SONN Patentanwälte – IP Attorneys

Bad Faith and Intent to Use

According to Austrian law, reasons for trade mark invalidity, such as bad faith, can be raised as defences in an infringement action. Such defences have to be decided as preliminary questions.

For deciding on bad faith we have two decisions of the CJEU (Court of Justice of the EU) as guidance, namely C529/07 Chocoladefabriken Lindt & Sprüngli AG and C-320/12 Malaysia Dairy Industries Pte Ltd. It is true that bad faith has been found primarily with regard to breach of loyalty duties or for obstructing third parties who are already using the sign. But it cannot be inferred from them that bad faith is limited to these two cases.

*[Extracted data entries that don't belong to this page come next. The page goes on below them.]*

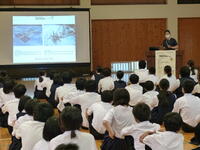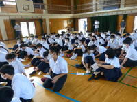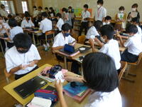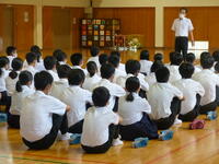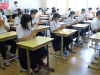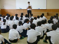 本校では、永山貴久校長先生による命の大切さについての講話を放送で行いました。最初、息をそろえる活動を行い、その後、校長先生が実際に教員として働かれてから経験された水難事故について話を聞いていました。子どもたちは自然をあなどってはいけないことや命がいかに大切かをメモを取りながら真剣に聞いていました。
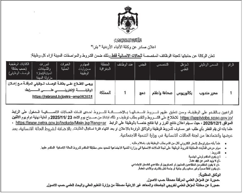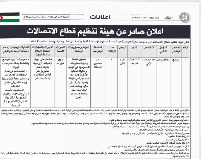 أعلنت عدد من المؤسسات والجهات الحكومية اليوم الاثنين عن توفر وظائف شاغرة لديها، ودعت الراغبين ممّن تنطبق عليهم الشروط للتقدّم وفق التفاصيل الواردة في الإعلانات الرسمية لكل جهة.
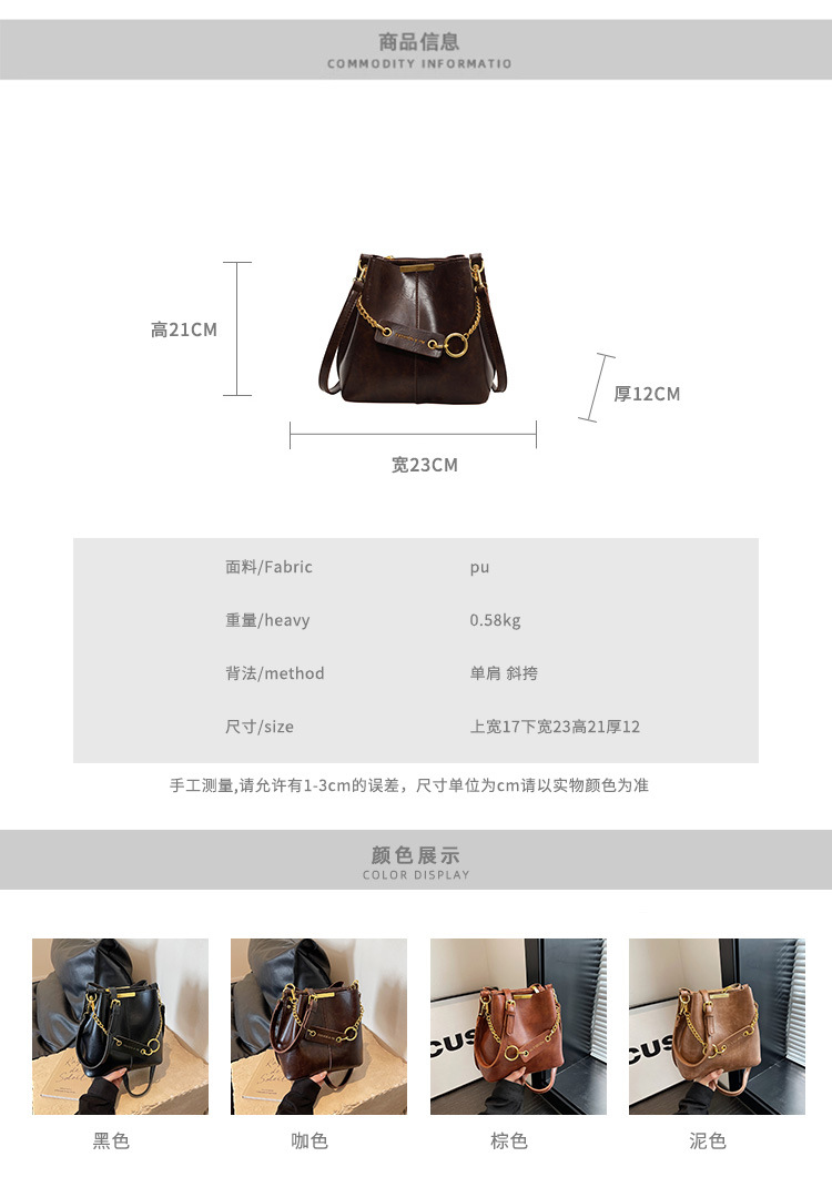 여성 가방 2023 새로운 스타일의 메신저 가방 가을과 겨울 버킷 가방 높은 감각 여성 올 매치 틈새 디자인 복고풍 숄더백
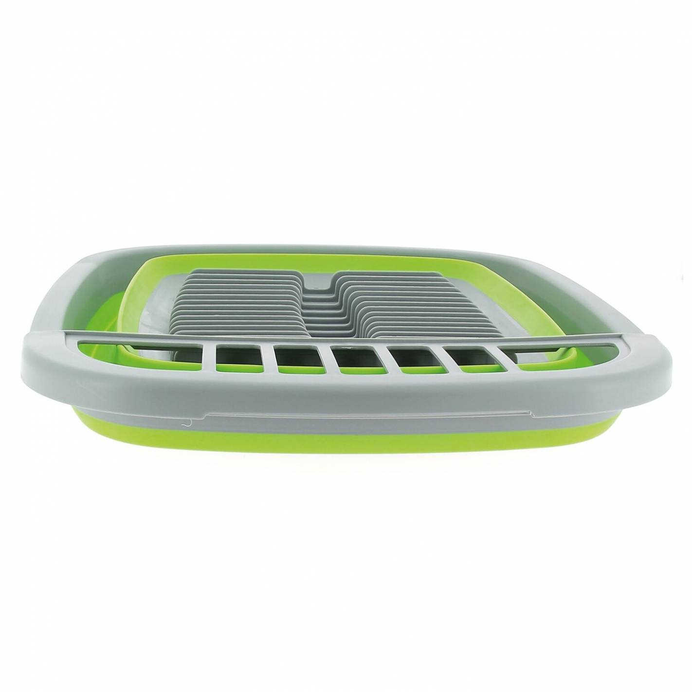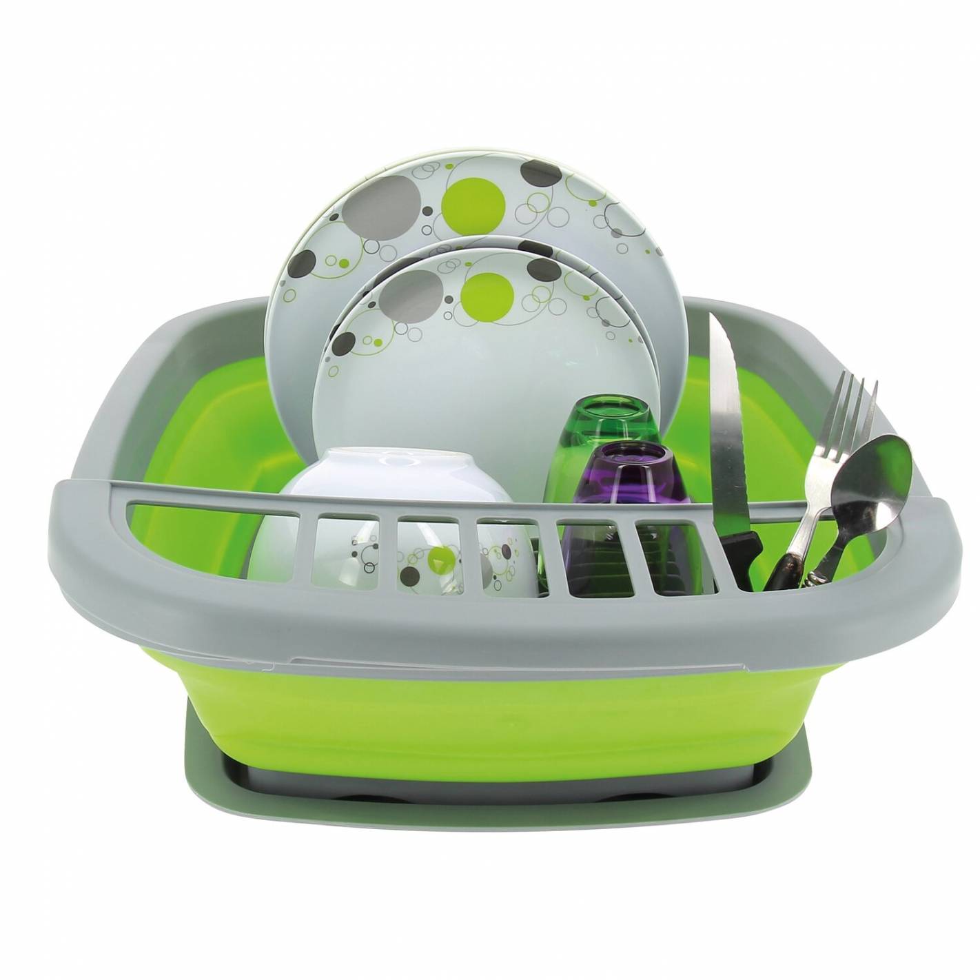 Maxi escurridor de vajilla plegable. Este utensilio es ideal para usarlo en vehículos recreativos: caravana, autocaravana, furgoneta camper, mobile home o barco. Este práctico escurridor de vajillas está hecho de un material de silicona que permite plegarlo fácilmente para reducir su volumen y ahorrar espacio al máximo. El escurridor de silicona también es fácil de limpiar y resiste un uso intensivo.
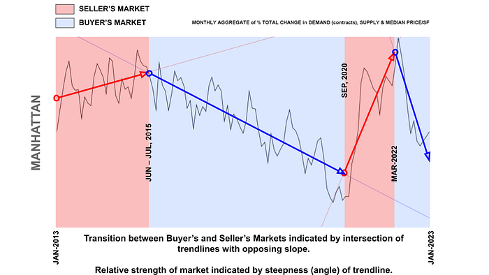 Elegran’s Leverage Indicator informs us whether the current is a buyer’s or a seller’s market; i.e, which party possesses transactional leverage. Looking at the graph below, this is indicated by the direction of trendlines. Our indicator also informs us regarding the relative strength of that leverage, indicated by the slope of those trendlines. Per below, Manhattan is in the grips of a strong buyer’s market.
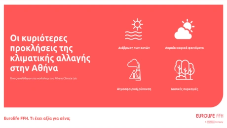 09.06.21 15:55Οι Global Shapers Athens Hub και η Eurolife FFH παρουσιάζουν τα αποτελέσματα του 1ου Athens Climate Lab Το workshop κατέγραψε προτάσεις για την αντιμετώπιση της κλιματικής αλλαγής στην Αθήνα.
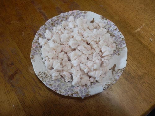 まずは背脂200gを刻みます。ベトベトして上手く切れません。
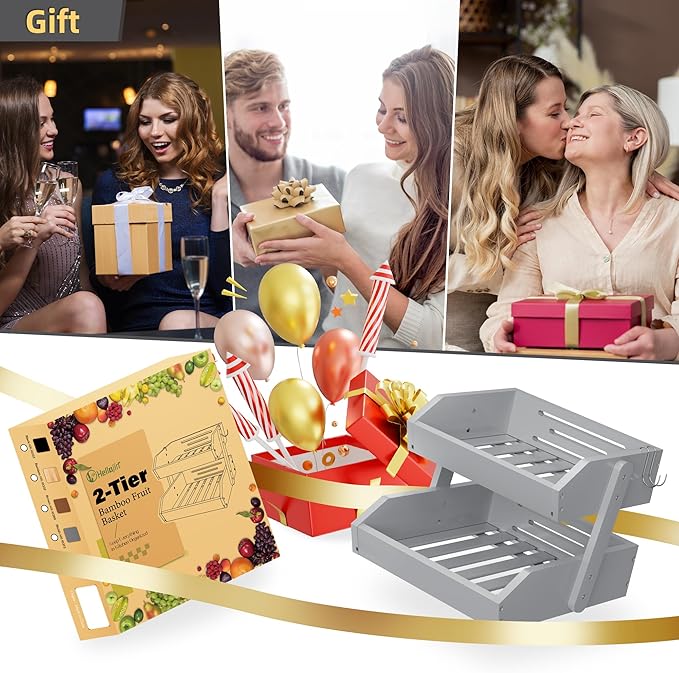 - PREMIUM QUALITY : fruit basket 2 tier is well-constructed with sturdy and durable bamboo material, which gives it an elegant look that complements any modern basket display, 2 tier fruit basket for kitchen counter or 3 tier fruit basket for counter available

It has to be clear that under European trade mark law no intent to use the mark for one's own goods or services is necessary. It is sufficient to have an intention to use the trade mark by licensing or by assignment to third parties for their use as is the case with advertising agencies or trade mark designers. However, the application and registration of trade marks with the speculative intent to warn or threaten others to sue those who use the same or similar signs is unlawful and therefore bad faith. Such behaviour can only be deducted from circumstantial evidence such as quantitatively (a multitude of applications) and qualitatively (broad list of goods and services) and eventually on criteria of time as well as the lack of a realistic model for business activities with such trade marks.

The purpose of trade mark law is the use of trade marks as signs of origin. Accordingly the CJEU sees the intent to use as a sign of origin as a decisive criteria in judging bad faith. If it can be shown that from the beginning a trade mark was not intended as sign of origin but to be used to harass third parties then its application was made in bad faith. That is not only the case when the application is aimed against a specific enterprise already using that sign but also when with it threats become possible against unspecific enterprises who would wish to use the sign in future.

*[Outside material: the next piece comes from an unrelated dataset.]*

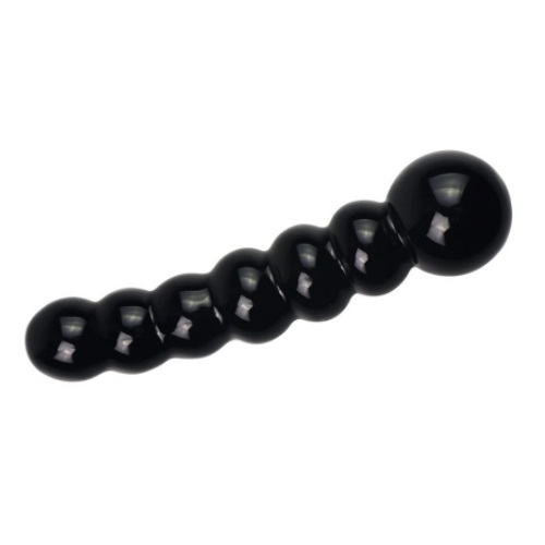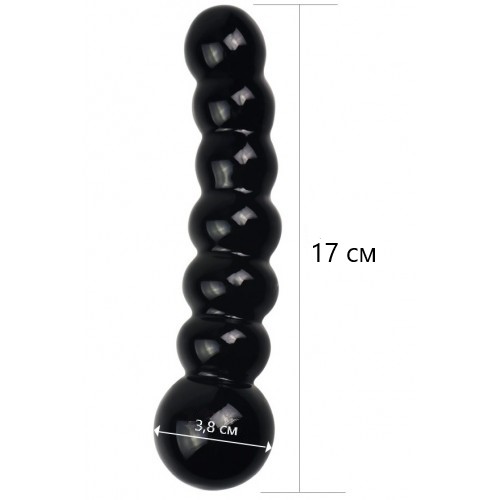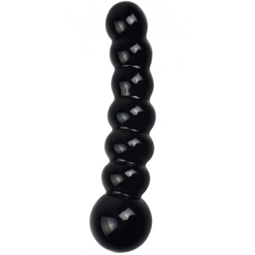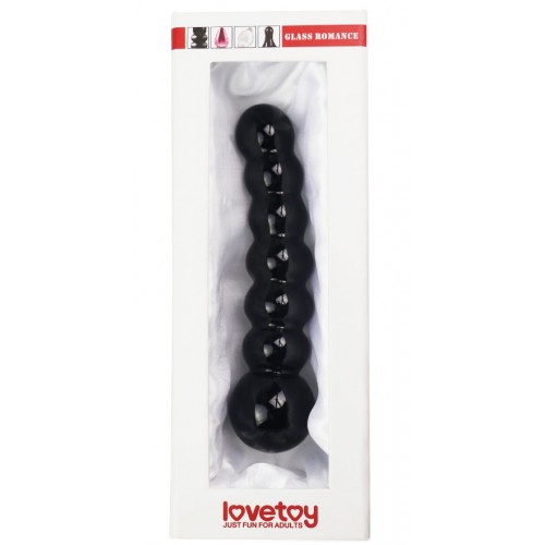 Черный рельефный фаллоимитатор из стекла Glass Romance 17 см
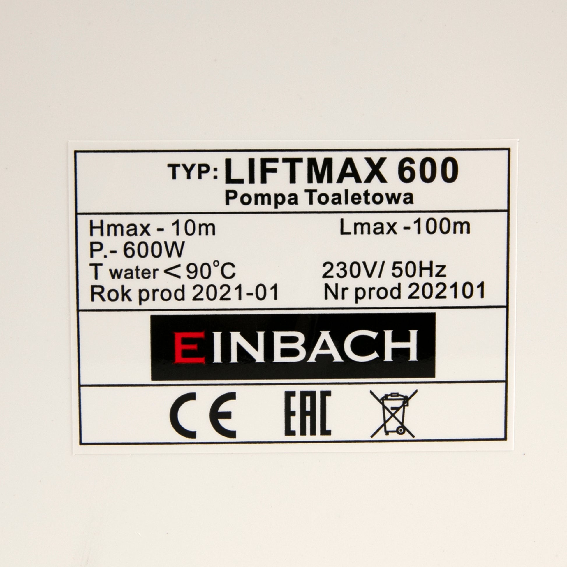 Pompa cu tocator WC Einbach Liftmax 600, 600W, 240 l/min

In a case recently decided by the Supreme Court of Austria (OGH) (4 Ob98/14m) confirming bad faith, the plaintiff and trade mark owner had applied for a multitude of mostly descriptive trade marks (3,000 Austrian trade marks and 450 Community trade marks) but only registered them in small numbers (120). This proportion is very unusual since statistically only 12% to 15% of all applications are refused. The applicant usually did not pay the application fees and waited until the last minute of the term for payment before withdrawing his applications so that he had to pay no or minimal official fees. That alone speaks already to a speculative intent. In addition there is not the least evidence that the applicant offered concrete marketing concepts or ideas for future business activities together with his trade marks.

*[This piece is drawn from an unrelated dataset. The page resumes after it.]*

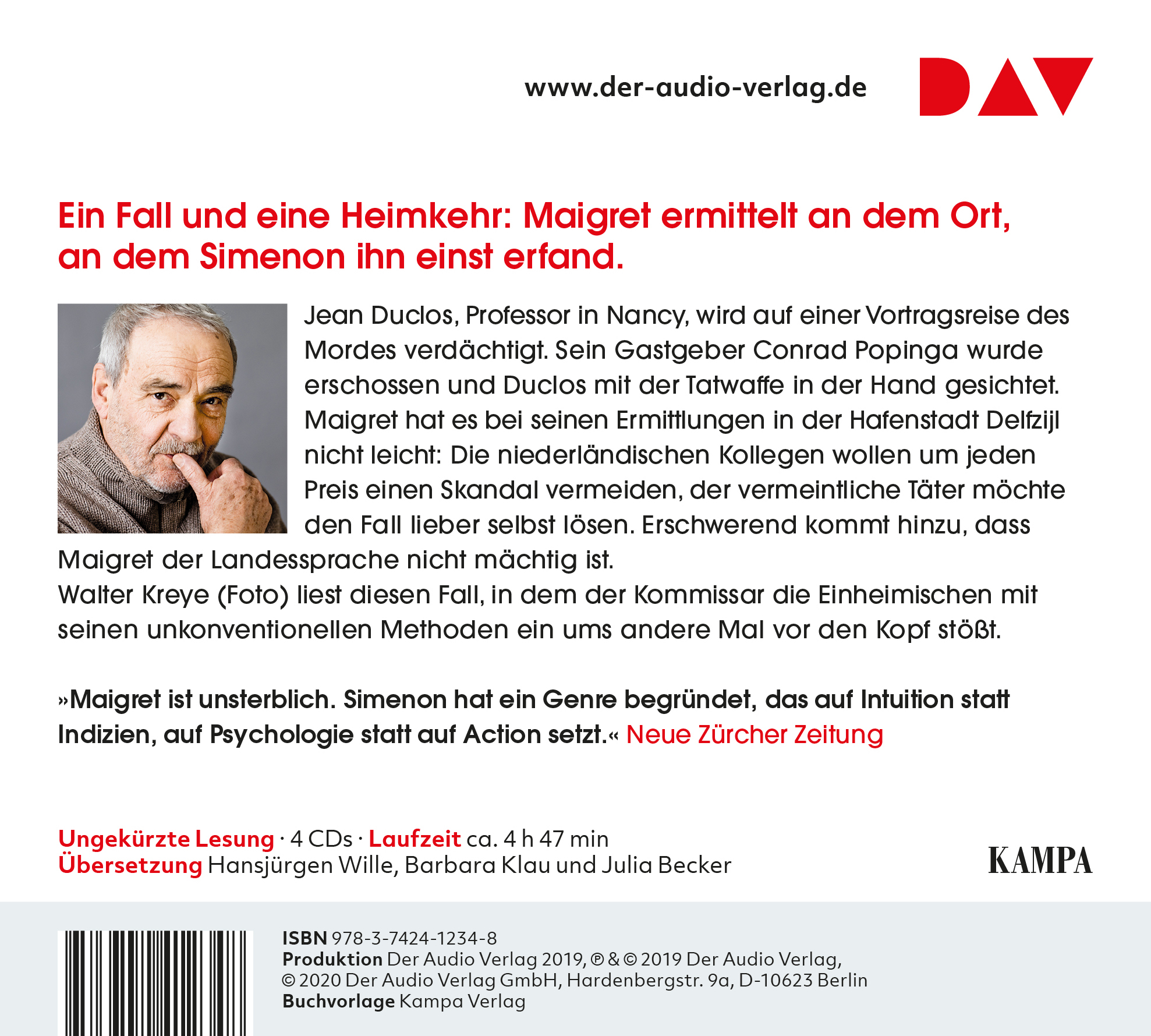 Walter Kreye, geboren 1942, spielte an Bühnen wie dem Hamburger Schauspielhaus, dem Thalia Theater, dem Staatstheater Stuttgart sowie an der Schaubühne Berlin. Der mit dem Grimme-Preis ausgezeichnete Schauspieler wurde durch zahlreiche Film- und Fernsehrollen bekannt, u. a. als Hauptkommissar Kress in »Der Alte« und durch die Netflix-Serie »Dark«. Der beliebte Hörbuchsprecher liest alle Fälle von Kommissar Maigret in der Edition Simenon ein.
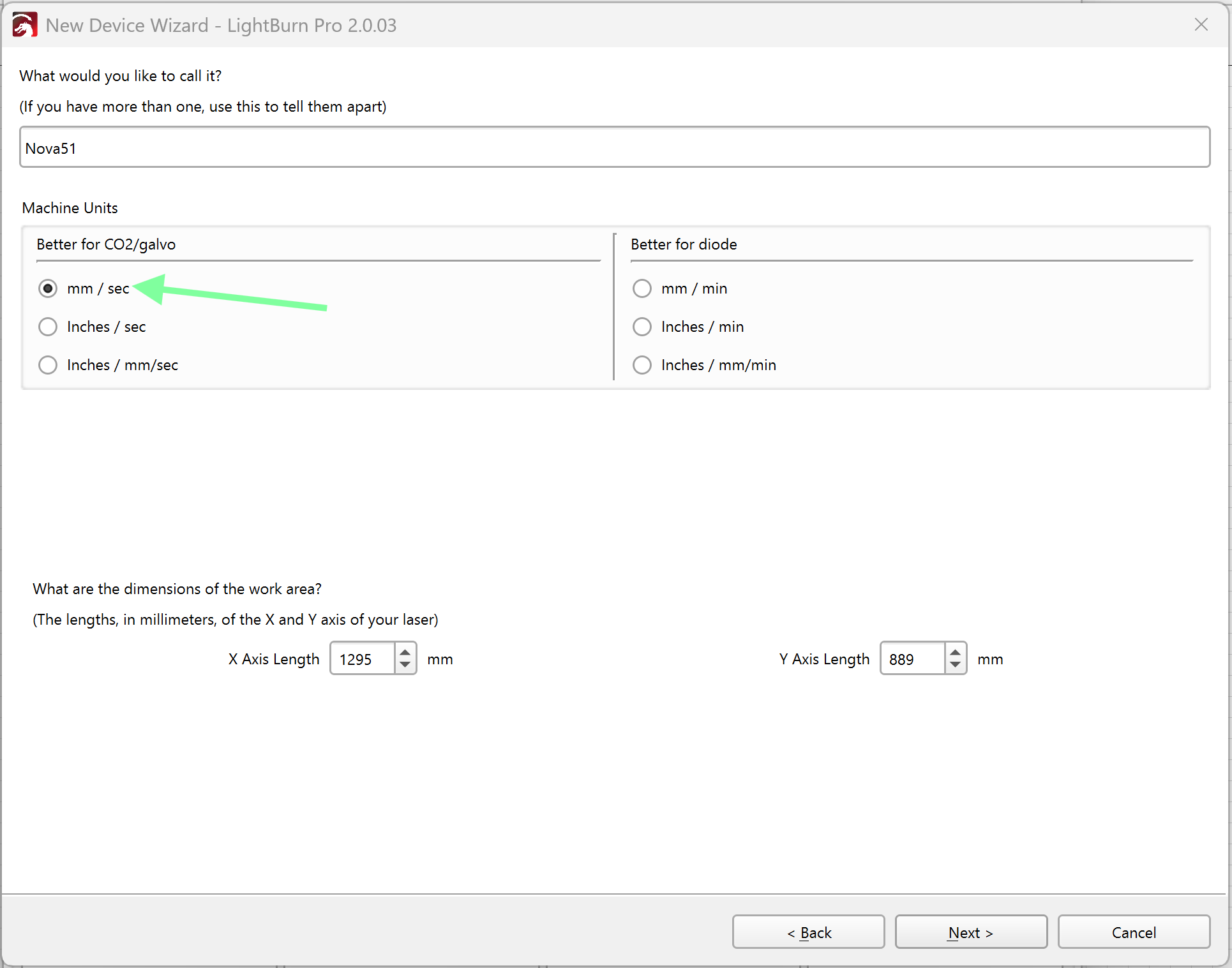 1. Open Lightburn and check your Units (mm vs in, seconds vs minutes)

The main focus of his activity is to pursue third parties wanting to use such marks. Since marketing agencies usually develop new trade marks together with their client and in connection with concrete goods and services, the application for trade marks in the expectation that enterprises would buy trade marks off the peg is not a comprehensible business model. The intent rather was to draw financial profit from the descriptive and only weak marks that the applicant applied for, which he hoped would be used in advertising by different enterprises, in the expectation that the Patent Office would register a fair amount of them and that many enterprises would shrink from the expenses of a legal defence and prefer to pay a transfer fee. In the weak or descriptive character of all these applications lies strong circumstantial evidence of the intent of the applicant not to use these marks as sign of origin but for unlawful purposes. Since the application was hence made in bad faith the infringement action based on this trade mark had to be dismissed.

This decision of the OGH shows that the concept of bad faith is akin to non-intent to use in a specific facet. Even with intent to use, one might have bad faith but without a sensible concept for use bad faith will easily be found.